▸ **What you are asked to do**
What you return must be the lines from the first one below through the one containing "- Простота общего", exactly and with pictures excluded.

▸ **Data**
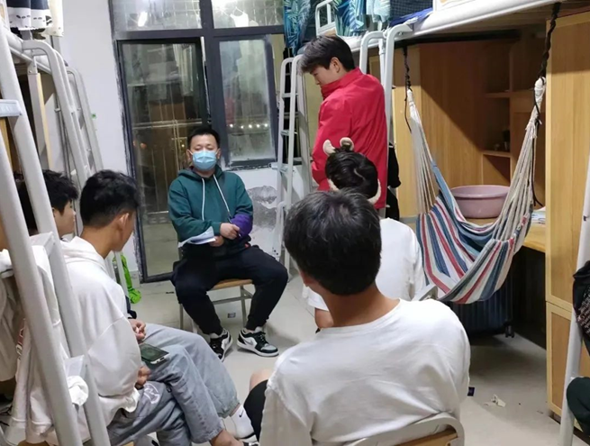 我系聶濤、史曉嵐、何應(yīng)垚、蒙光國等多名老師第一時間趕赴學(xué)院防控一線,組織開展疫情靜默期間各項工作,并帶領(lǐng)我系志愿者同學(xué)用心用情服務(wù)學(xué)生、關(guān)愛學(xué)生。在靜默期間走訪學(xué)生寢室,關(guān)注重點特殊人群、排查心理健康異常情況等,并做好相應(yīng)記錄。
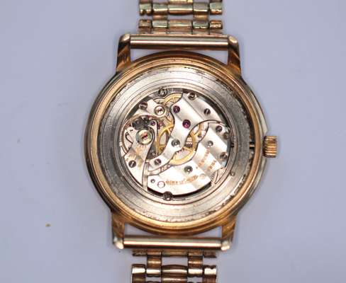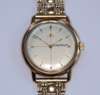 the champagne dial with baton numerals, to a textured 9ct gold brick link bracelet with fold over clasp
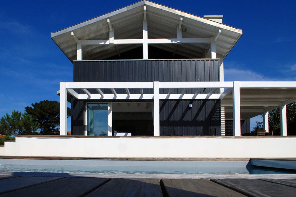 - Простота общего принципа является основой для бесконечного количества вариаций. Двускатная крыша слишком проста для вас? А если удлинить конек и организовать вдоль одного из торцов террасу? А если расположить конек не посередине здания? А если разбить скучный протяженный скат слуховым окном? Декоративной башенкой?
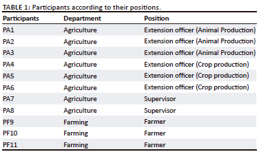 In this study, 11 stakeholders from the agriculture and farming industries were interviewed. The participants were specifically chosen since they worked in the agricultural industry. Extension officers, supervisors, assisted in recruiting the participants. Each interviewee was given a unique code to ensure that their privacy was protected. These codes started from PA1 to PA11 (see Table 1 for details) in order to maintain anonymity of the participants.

▸ **Answer for the task**
 我系聶濤、史曉嵐、何應(yīng)垚、蒙光國等多名老師第一時間趕赴學(xué)院防控一線,組織開展疫情靜默期間各項工作,并帶領(lǐng)我系志愿者同學(xué)用心用情服務(wù)學(xué)生、關(guān)愛學(xué)生。在靜默期間走訪學(xué)生寢室,關(guān)注重點特殊人群、排查心理健康異常情況等,并做好相應(yīng)記錄。
 the champagne dial with baton numerals, to a textured 9ct gold brick link bracelet with fold over clasp
 - Простота общего принципа является основой для бесконечного количества вариаций. Двускатная крыша слишком проста для вас? А если удлинить конек и организовать вдоль одного из торцов террасу? А если расположить конек не посередине здания? А если разбить скучный протяженный скат слуховым окном? Декоративной башенкой?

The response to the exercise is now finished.